A University of Wyoming professor has made a discovery that answers a nearly 100-year-old question about water movement, with implications for agriculture, hydrology, climate science and other fields.
After decades of effort, Fred Ogden, UW’s Cline Chair of Engineering, Environment and Natural Resources in the Department of Civil and Architectural Engineering and Haub School of Environment and Natural Resources, and a team of collaborators published their findings in the journal Water Resources Research this spring. The paper, titled “A new general 1-D vadose zone flow solution method,” presents an equation to replace a difficult and unreliable formula that’s stymied hydrologic modelers since 1931.
“I honestly never thought I would be involved in a discovery in my field,” Ogden says.
He anticipates this finding will greatly improve the reliability and functionality for hundreds of important water models used by everyone from irrigators and city planners to climate scientists and botanists around the country and the world, as well as trigger a new surge in data collection.

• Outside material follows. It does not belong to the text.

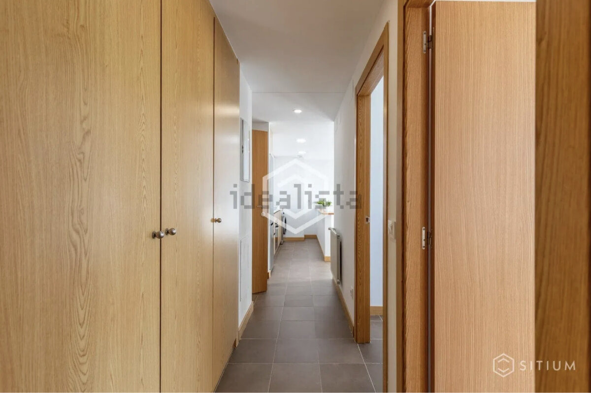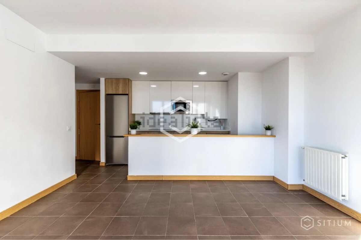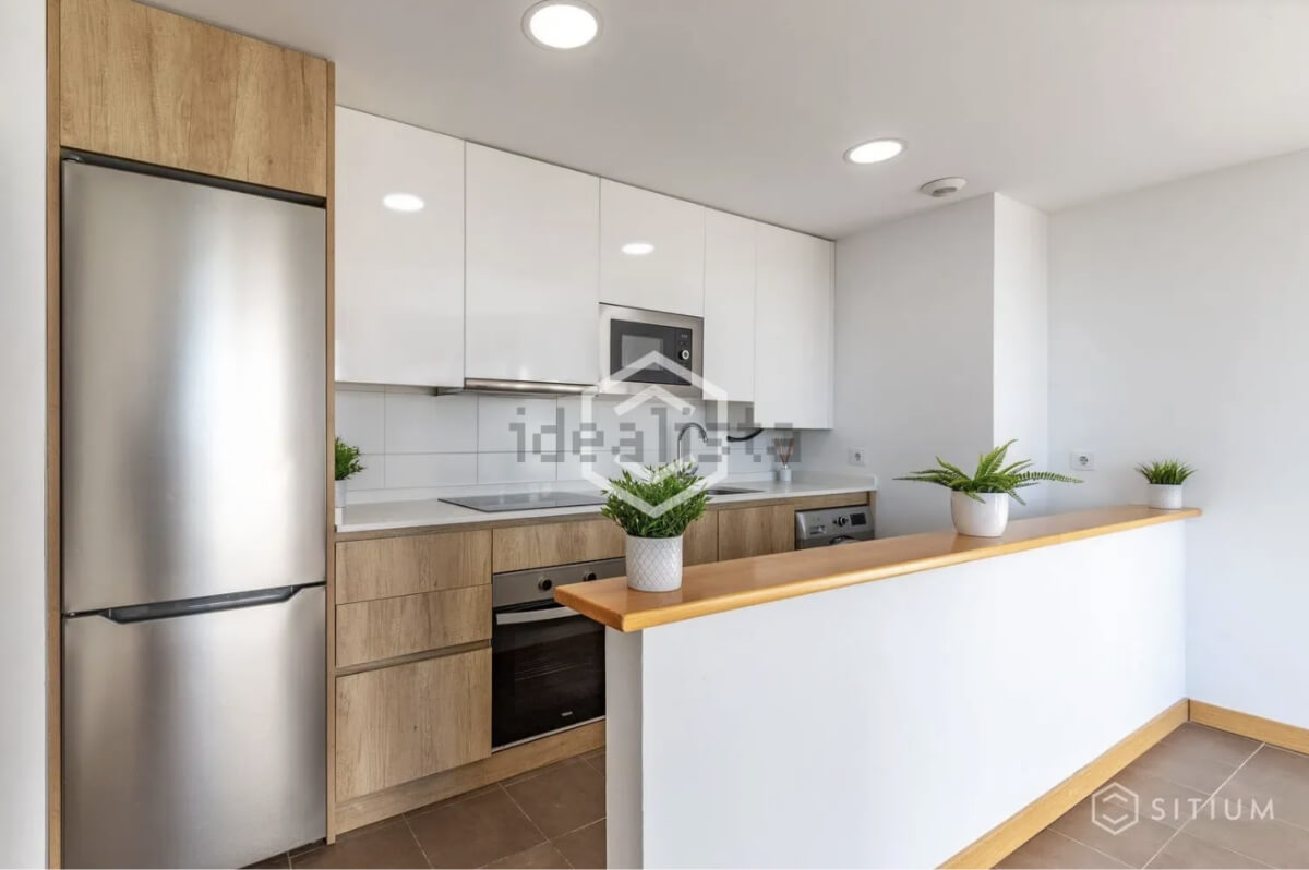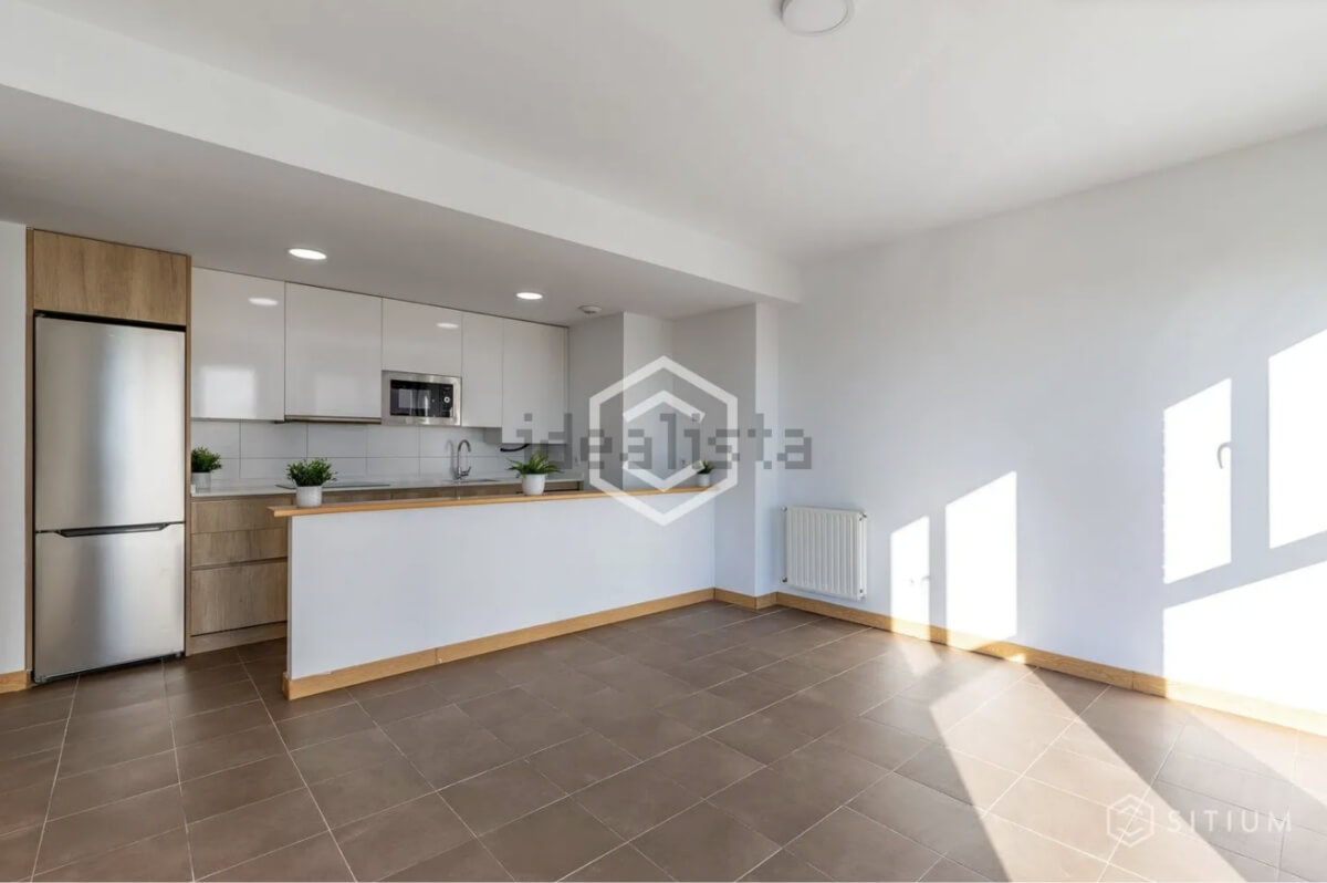 La vivienda, con 70 m2 útiles, cuenta con una distribución práctica. Dispone de un salón con cocina integrada, totalmente equipada con electrodomésticos actuales. Tiene dos habitaciones amplias, una de ellas con armario empotrado y un baño completo con plato de ducha, también cuenta con un gran armario empotrado en el pasillo. Todas las estancias son exteriores y gozan de orientación sur, con grandes ventanales hasta el suelo, lo que permite disfrutar de luz natural durante todo el día, especialmente por la tarde.

In 1931, Lorenzo Richards developed a beautiful, if numerically complex, equation to calculate how much water makes it into soil over time as rainfall hits the ground surface and filters down toward the water table. That equation, known as the Richards equation and often shortened to RE, has been the only rigorous way to calculate the movement of water in the vadose zone -- that is, the unsaturated soil between the water table and the ground surface where most plant roots grow.
Calculating the movement of water in the vadose zone is critical to everything from estimating return flows and aquifer recharge to better managing irrigation and predicting floods. But RE is extremely difficult to solve, and occasionally unsolvable. So, while some high-powered computer models can handle it over small geographic areas, simpler models or those covering large regions must use approximations that compromise accuracy.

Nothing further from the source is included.